Your assignment: With pictures left out, set down exactly the lines from the line containing "正如 Ventuals 创始人" through the last line of the data.

Given information:
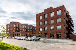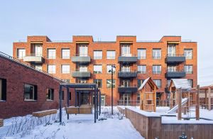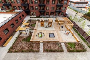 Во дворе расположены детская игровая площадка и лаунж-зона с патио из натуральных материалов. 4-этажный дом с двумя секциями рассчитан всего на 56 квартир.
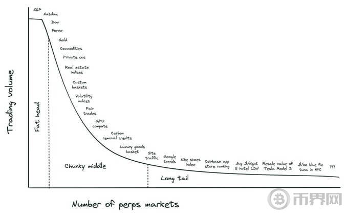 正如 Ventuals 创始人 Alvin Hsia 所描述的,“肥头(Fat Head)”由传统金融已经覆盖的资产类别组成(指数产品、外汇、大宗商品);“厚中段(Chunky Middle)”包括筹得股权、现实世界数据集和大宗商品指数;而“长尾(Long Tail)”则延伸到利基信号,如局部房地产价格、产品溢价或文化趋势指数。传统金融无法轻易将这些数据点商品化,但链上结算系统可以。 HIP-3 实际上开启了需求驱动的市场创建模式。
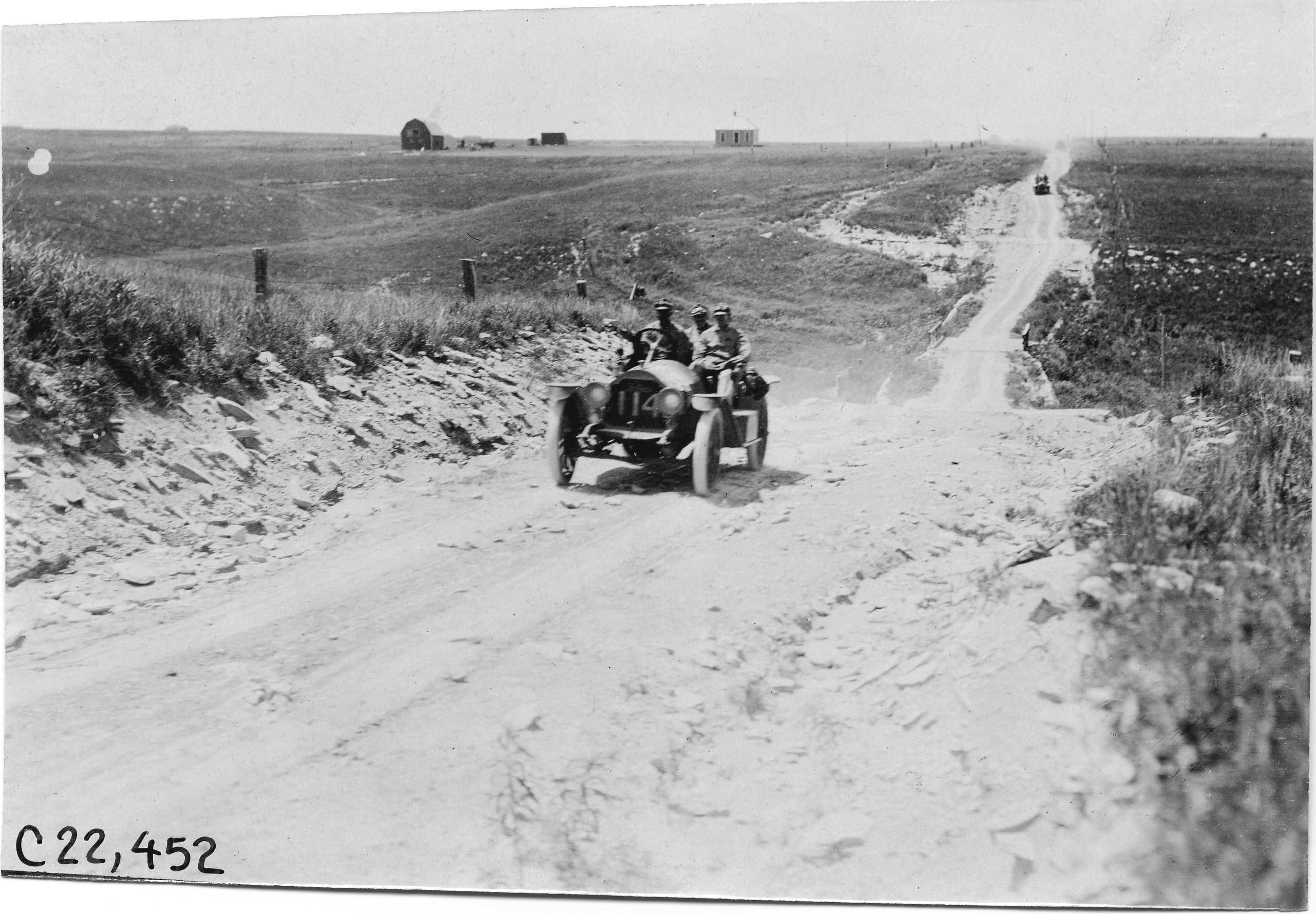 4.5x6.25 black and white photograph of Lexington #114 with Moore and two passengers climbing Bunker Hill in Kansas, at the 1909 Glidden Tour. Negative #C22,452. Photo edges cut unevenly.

The completed task:
 正如 Ventuals 创始人 Alvin Hsia 所描述的,“肥头(Fat Head)”由传统金融已经覆盖的资产类别组成(指数产品、外汇、大宗商品);“厚中段(Chunky Middle)”包括筹得股权、现实世界数据集和大宗商品指数;而“长尾(Long Tail)”则延伸到利基信号,如局部房地产价格、产品溢价或文化趋势指数。传统金融无法轻易将这些数据点商品化,但链上结算系统可以。 HIP-3 实际上开启了需求驱动的市场创建模式。
 4.5x6.25 black and white photograph of Lexington #114 with Moore and two passengers climbing Bunker Hill in Kansas, at the 1909 Glidden Tour. Negative #C22,452. Photo edges cut unevenly.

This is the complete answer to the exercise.